In his first bid for City Council in 1939 in Los Angeles City Council District 1, representing the San Fernando Valley, McCloskey survived the first round of voting but was defeated by the  incumbent, Jim Wilson, in the final election. In the 1941 final, though, it was McCloskey who was the winner over Wilson. McCloskey had no serious opposition in 1943 and was reelected in the primary vote. In 1945, however, he was ousted by Leland S. Warburton in the final election.

Superior Court
While a City Council member in 1944, he ran for Office No. 1 in the Los Angeles County Superior Court against the incumbent, Charles S. Burnell, but lost by a 3–1 ratio.

City Council

These are some of the positions McCloskey took while on the City Council:

Speed traps, 1941. He condemned a "speed trap" policy, "in which motorcycle policemen hide behind gas stations and billboards to pounce upon the unwary motorist." He said better results could be obtained by having the officers patrol the streets in plain sight.

Stoves, 1942. McCloskey was responsible for rescuing twenty-five pot-bellied stoves, "discarded by the Fire Department, relics of those days when outlying  fire stations were without gas." The stoves were reconditioned and lent to the Red Cross  "so soldiers occupying isolated searchlight posts in  the San Fernando Valley could keep warm on winter nights."

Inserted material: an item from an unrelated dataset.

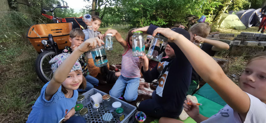 Als es dunkler wurde, begaben wir uns gemeinsam zum spannendsten Teil des Wochenendes: dem Netzfang. Zusammen mit den Kindern bauten wir die Netze auf und schon bald stellten sich erste Erfolge
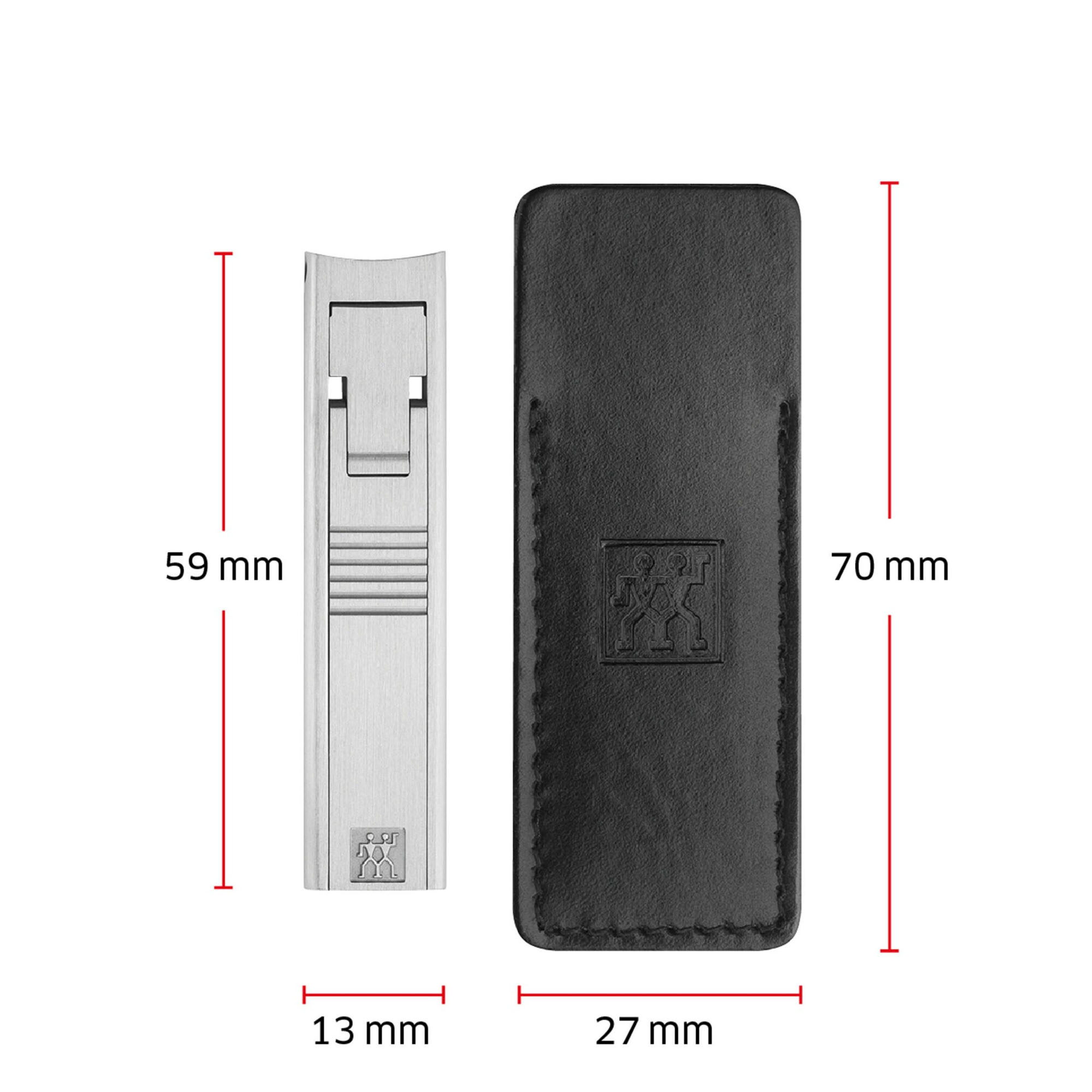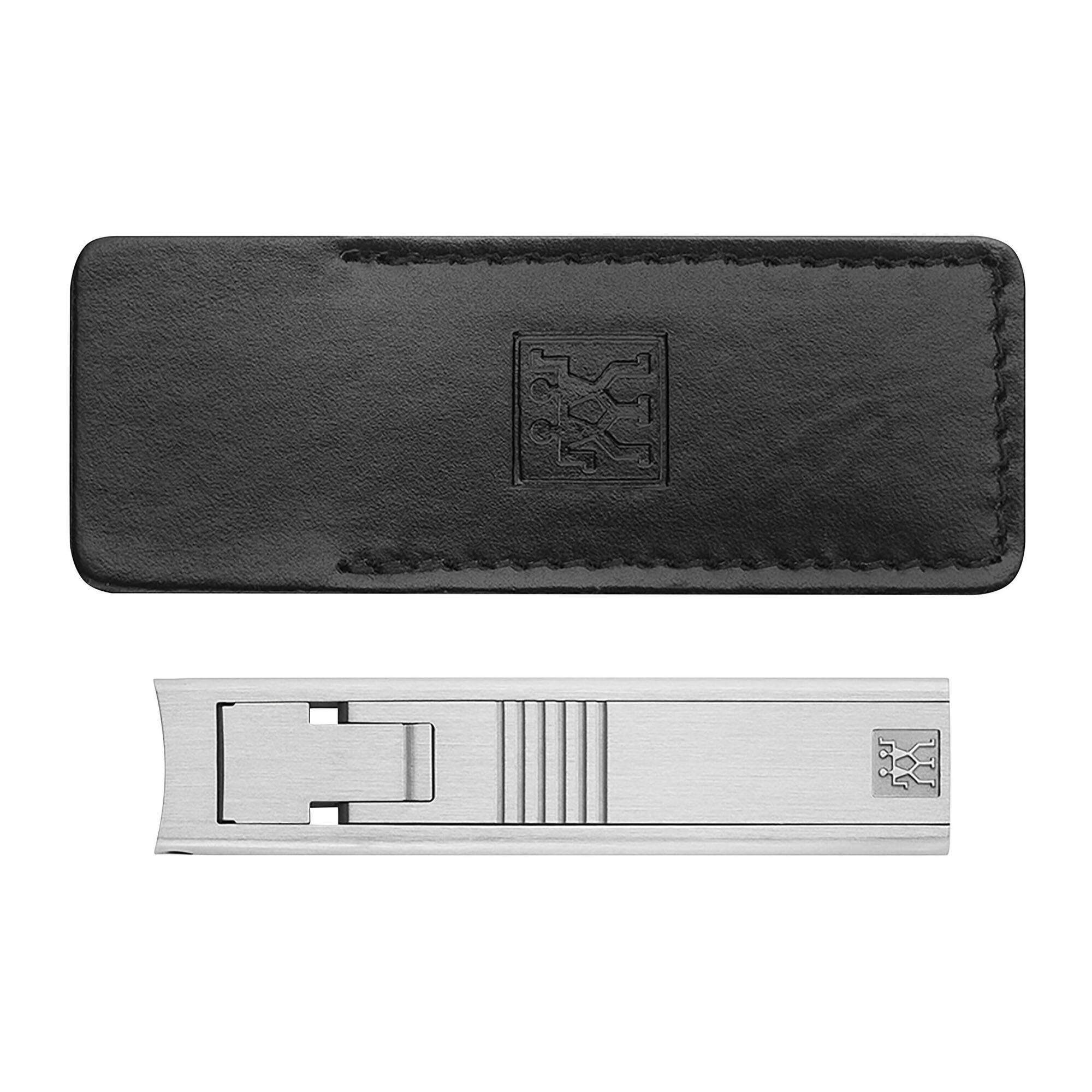 Unghiera compacta marca Zwilling, fabricata din inox mat, dotata cu o husa de protectie din piele.

Taxes, 1943. He submitted a resolution that would have levied a 0.05% municipal sales tax, noting that:

Since the advent of the war, many thousands of persons from other states who earn large salaries in war industries and do not own any real property have become residents . . . [who are] receiving the benefits of representation without taxation.

Objectors, 1944. McCloskey voted in favor of a bill that would have given returned veterans preference over reemployment of conscientious objectors who had been given leaves of absence from their city service in order to enter special work camps set aside for them. He wrote to Wendell L. Miller, a minister who objected to his stance:

... if all of our young men entered such refuges ... the nation would cease to exist and we would become vassals of the Japs and the Huns.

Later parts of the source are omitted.